*** Data segment

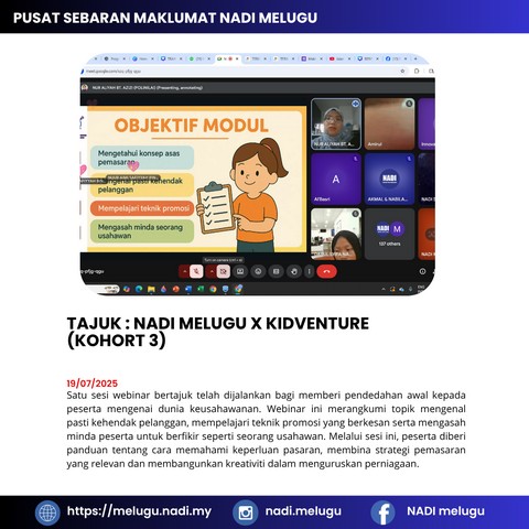 20 Julai 2025 | Aktiviti TerkiniPada 19 Julai 2025, Satu sesi webinar bertajuk telah dijalankan bagi memberi pendedahan awal kepada peserta mengenai dunia keusahawanan. Webinar ini merangkumi topik mengenal pasti kehendak pelanggan, mempelajari teknik promosi yang berkesan serta mengasah minda peserta untuk berfikir seperti seorang usahawan. Melalui sesi ini, peserta diberi panduan tentang cara memahami keperluan pasaran, membina strategi pemasaran yang relevan dan membangunkan kreativiti dalam menguruskan perniagaan.
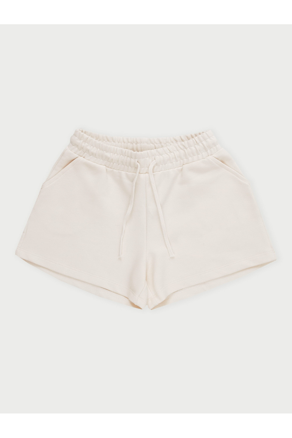 Шорты для девочки из однотонного футера с добавлением спандекса, который придаёт эластичность. Модель с мягким поясом на резинке и регулировкой по талии с помощью шнурка. Изделие сохраняет цвет и форму после многократных стирок. Все трикотажные полотна производятся в соответствии с нормами швейцарского сертификата ЭкоТекс.
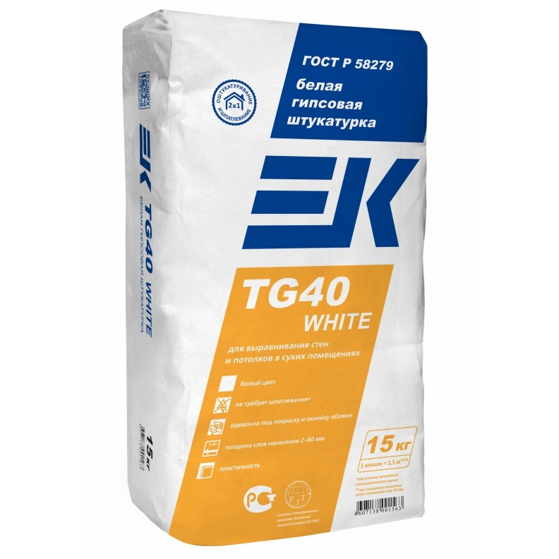 Штукатурка ЕК TG40 предназначена для выравнивания вертикальных и горизонтальных кирпичных, гипсовых, цементных и других минеральных оснований внутри сухих помещений.

******

> [Work instructions] With pictures excluded, restate word for word the lines from the one that contains "Шорты для девочки" through the end of the material, inclusive, and nothing more.

> [Answer below]
 Шорты для девочки из однотонного футера с добавлением спандекса, который придаёт эластичность. Модель с мягким поясом на резинке и регулировкой по талии с помощью шнурка. Изделие сохраняет цвет и форму после многократных стирок. Все трикотажные полотна производятся в соответствии с нормами швейцарского сертификата ЭкоТекс.
 Штукатурка ЕК TG40 предназначена для выравнивания вертикальных и горизонтальных кирпичных, гипсовых, цементных и других минеральных оснований внутри сухих помещений.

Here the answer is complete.